Search code examples
docxpandoc

Faster way to achieve document conversion/preview task


I created win forms app to convert docx to html using pandoc, and a web browser control to display the html file. This application is much needed for my colleagues in the university, to preview docx files since we dont have MS Office access any more...

I tested this at my PC and it is working fine on each item click in the listbox, it loads the preview in webbrowser quicky.
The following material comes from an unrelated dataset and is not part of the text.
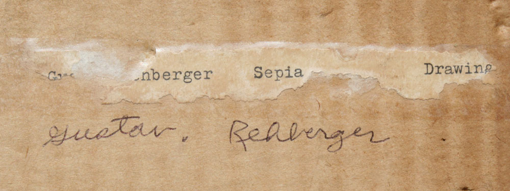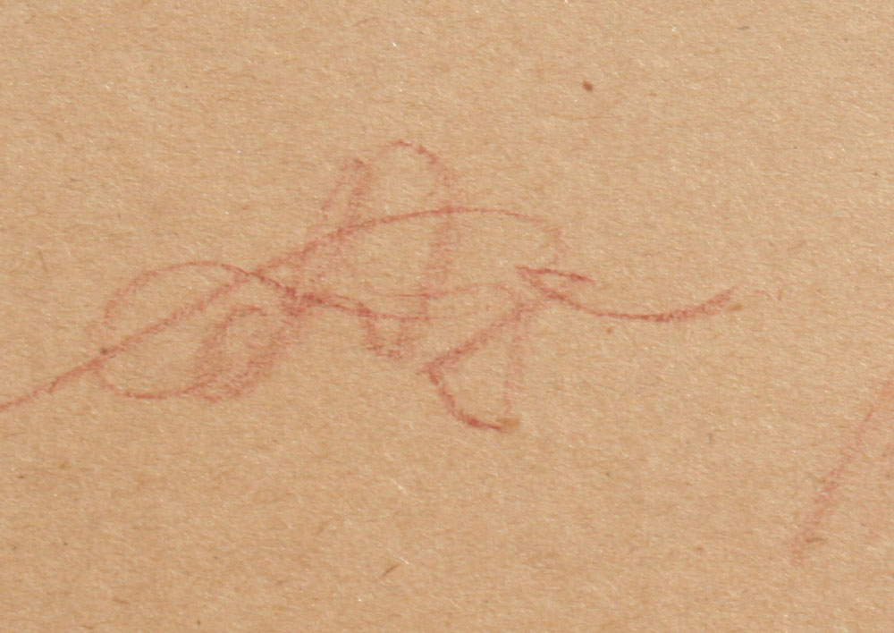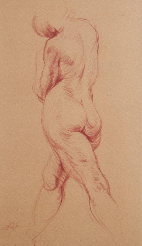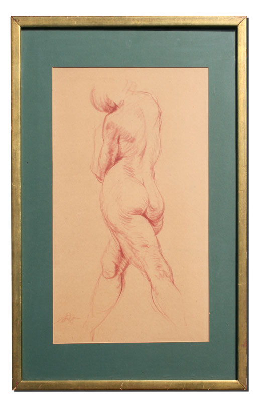 REHBERGER, Gustave, (Austrian, 1910-1995): Nude study, Sanguine, sight size 20'' x 12'', monogrammed lower left, old type written label verso, gilded frame with wear, 27 1/4'' x 18 1/4''.

But I just want to make it more quick, is there any recommendations to make it faster (I can provide full code if needed), but the following is the main listbox selected item changed event:

Also tell me which one is faster from: setting wb.DocumentText as blank or navigate it to about:blank page

  private void lbFiles_SelectedIndexChanged(object sender, EventArgs e)
        {
            try
            {
                wb.DocumentText = "";

                // Two string lists
                SelectedFile = AllFiles[lbFiles.SelectedIndex];
                NameOnly = AllNamesOnly[lbFiles.SelectedIndex];

                if (NameOnly.EndsWith(".txt") || NameOnly.EndsWith(".docx"))
                {
                    #region MediaFolder
                    if (Directory.Exists("MF")) Directory.Delete("MF", true);
                    Directory.CreateDirectory("MF");
                    #endregion

                    string cmd = "pandoc --extract-media ./MF \"" + SelectedFile + "\" -o " + "output.html";

                    File.WriteAllText("BatchFile.bat", cmd);

                    StartHidden("BatchFile.bat"); //Process object with: ProcessWindowStyle.Hidden; and with 3 seconds exit wait

                    wb.Navigate(Environment.CurrentDirectory + "\\" + "output.html");
                }
            }
            catch(Exception ex) { throw ex; }
            
        }

Solution

  • I tried hard with various solutions.

    Most of them were not free, so were not useable, using pendoc as in OP, was not feasible since it doesn't support the variety of fonts and formats

    After going through many possible alternatives (Gembox, Spire.Doc, etc.), I finally moved to Syncfusion community edition it is already free and its libraries allow to convert all major word processor based formats and its result was same as other non-free solutions. And works faster then pandoc.

    Another thing to note is, I switched from WebBrowser to CefSharp as well, as its faster and lighter than WebBrowser, and it works better for pdf file previews in browser (you can use zoom level, page number as part of URL)